Dumping-hurt Brexited companies will be on their own for new help requests – MLex
- British manufacturers hurt by rivals’ cheap imports post-Brexit won’t receive government support when it comes to mounting and financing their defense, nor in monitoring the effectiveness of any trade-defense measures, UK lawmakers were told today.
- Two pillars of help provided by the EU to businesses will no longer be offered, Trade Remedies Authority officials indicated: Investigators won’t have the power to open a probe without the industry first mounting a case, and trade bodies won’t get funding to help shoulder the costs of defense cases.
- If a foreign company is selling unfairly low goods into the UK and hurting domestic industry — known as dumping — then it will be up to British manufacturers to bring the case to the UK government, the parliament’s trade committee heard today.
- “We have no power to initiate a case in absence of an application,” Satjit Singh, interim chief executive designate of the Trade Remedies Authority, told the committee. “We can only respond when people apply to us for a trade remedy.” This is different to the EU rules, where the commission can open a case on its own initiative, or “ex officio.” In practice, the European Commission rarely does this; but its blanket safeguard probe on global steel was started this way.
- Once the UK is outside of the EU’s customs union on Jan. 1, British companies must put forward all evidence of possible dumping or unfair subsidies — a time-consuming and costly exercise. Some industries have already flagged the additional costs as a problem once outside the EU, as they won’t be able to share them with other European companies, as they have done in the past. The EU offers grants to trade bodies and organizations to help shoulder the costs of bringing and working on a trade-defense case. The committee asked whether the UK would offer something similar, but Singh indicated it wouldn’t.
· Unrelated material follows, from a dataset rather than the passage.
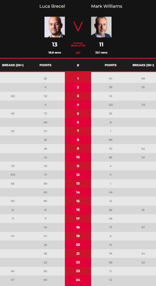 在布雷切尔和马克威廉姆斯的第一阶段比赛中,两位球员的发挥旗鼓相当。在首局比赛中,威廉姆斯率先凭借单杆打出68分的表现以94:20拿下此局比赛的胜利直接取得1-0的领先拔得头筹。第2局,威廉姆斯单杆打出55以99:6拿下此局比赛的胜利从而以2-0继续领先布雷切尔。第3局,布雷切尔单杆打出103分以112:10拿下此局比赛并以1-2落后威廉姆斯。第4局,威廉姆斯单杆113分以120:9拿下此局比赛3-1领先布雷切尔。第5局,布雷切尔单杆50分72:52拿下此局以2-3落后威廉姆斯。第6局,布雷切尔68:8拿下此局以3-3战平威廉姆斯。第7局,布雷切尔单杆50分57:1拿下此局4-3反超威廉姆斯。第8局,威廉姆斯68:32拿下此局4-4战平布雷切尔。

- Singh did, however, say that a pre-application office has been set up to help companies — in particular, small and medium-sized enterprises — in submitting a complaint. But the evidence gathering is up to manufacturers, the official noted.
- Companies will also be on their own when it comes to spotting circumvention of duties, which is when foreign rivals sell into one country via another, or slightly adjust their product in a deliberate attempt to dodge tariffs.
Griffiths to head UK’s trade-remedies authority – MLex
- Oliver Griffiths will be the UK government’s head of trade remedies, according to a top official from the department. Now leading talks with the US on a bilateral trade deal, he will take the new position from Jan. 1.
- The trade-remedies authority — which deals with issues such as dumping and anti-subsidy matters — was set up in preparation for the UK stepping away from EU rules and developing its own tariffs outside of the customs union from the start of 2021.
- Simon Walker from the department told the UK parliament’s trade committee this morning that “the new chief executive” for the authority “is going to be Oliver Griffiths, who’s a senior official in the department of trade and who’s been heading up the trade talks with the US for the last four years.” He added that Griffiths “has a strong background in trade matters and in trade defense”.
- Griffiths has worked in the public and private sector. He trained as a solicitor, formed part of the UK’s strategy team in the Doha Round of trade talks, worked in the British embassy in Washington, and helped develop the Green Investment Group, which aimed to reduce carbon dioxide emissions across the UK’s economy.